Oliver Radley-Gardner appeared for the successful applicant in TFL v Al-Amini (REF/2013/0655), a case concerning adverse possession by long term parking. The application was to close the putative squatter's possessory title, said to have been acquired by adverse possession. The Property Chamber held (1) that on the facts, the parking was an insufficient act of possession to amount to exclusive possession, (2) that the land was highway land, and that title to a highway maintainable at public expense could not be extinguished by adverse possession, and (3) that the Respondent had neither completed a thirty year, nor a twelve year, period of adverse possession, the land having been Crown land for a period of time. In so deciding, consideration was given to R v Land Registry (ex parte Smith) and the Highways Act 1980, section 263.

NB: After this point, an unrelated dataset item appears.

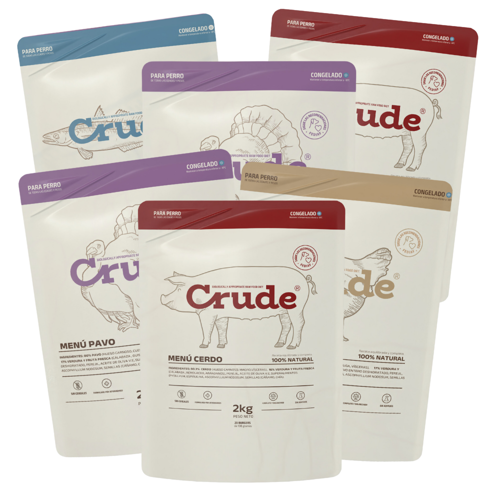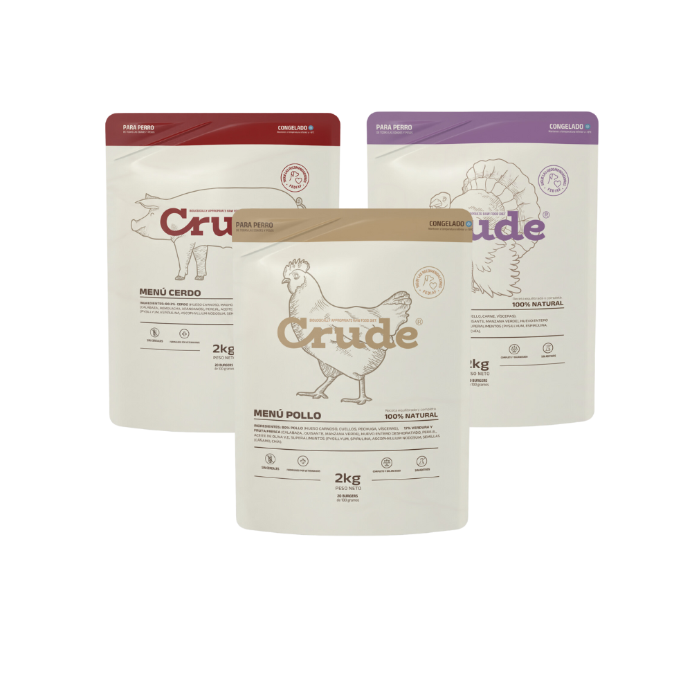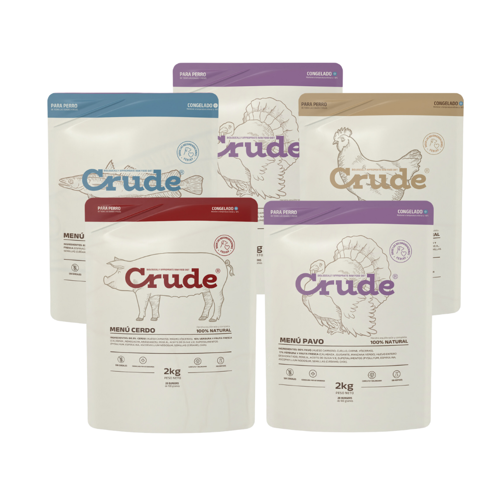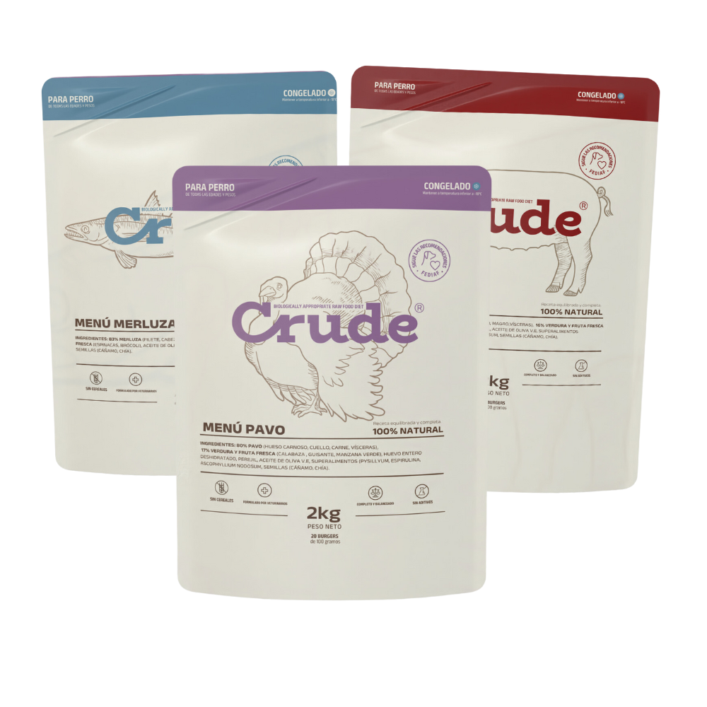Incluye 6 bolsas de 2 kg: 2 de Pavo con calabaza y manzana, 2 de Pollo con calabaza y guisantes, y 2 de Cerdo con remolacha y arándanos. Además, obtienes asesoría nutricional gratuita, guía de iniciación y envío premium en nevera retornable.

- Easements, Rights of Way, Agricultural Land

Edward Cole appeared for the successful party in Page v Convoy (21st Aug 2014, Birmingham County Court). The case concerned a right of way over servient land adjoining the dominant, agricultural tenement. The issues were (a) the question of the extent of the servient land over which the right of way could be exercised, and (b) the question of whether the dominant owner was entitled to access the contiguous dominant land at any point along the length of the right of way.

- Service Charges, Section 20C Applications, Legal Costs

Edward Peters appeared appeared for the successful Appellant landlord in the recent Upper Tribunal decision in Daejan Properties Ltd v Griffin & Anor [2014] UKUT 206, which (in addition to the “historic neglect” problem) also gave guidance on the recoverability of legal costs from tenants, and on the discretion given to tribunals to refuse such costs under section 20C (Limitation of Service Charges, Costs of Proceedings) of the Landlord and Tenant Act 1985

-Leasehold Reform Act 1967

In The Church Commissioners for England v Establissement Enterprise Dupont (First-tier Tribunal (Property Chamber), 30 July 2014), Anthony Radevsky acted for the successful freeholder in a dispute under the Leasehold Reform Act 1967 concerning a valuable house near Regent’s Park. In accepting the freeholder’s arguments, the Tribunal ruled that, because the lease which had just over 5 years unexpired, the price should be assessed on a similar basis to one where the lease was less than 5 years, where there was Upper Tribunal guidance. Accordingly the deferment rate was assessed at 2.25%, and the value of the existing lease was valued by capitalising the net rental income.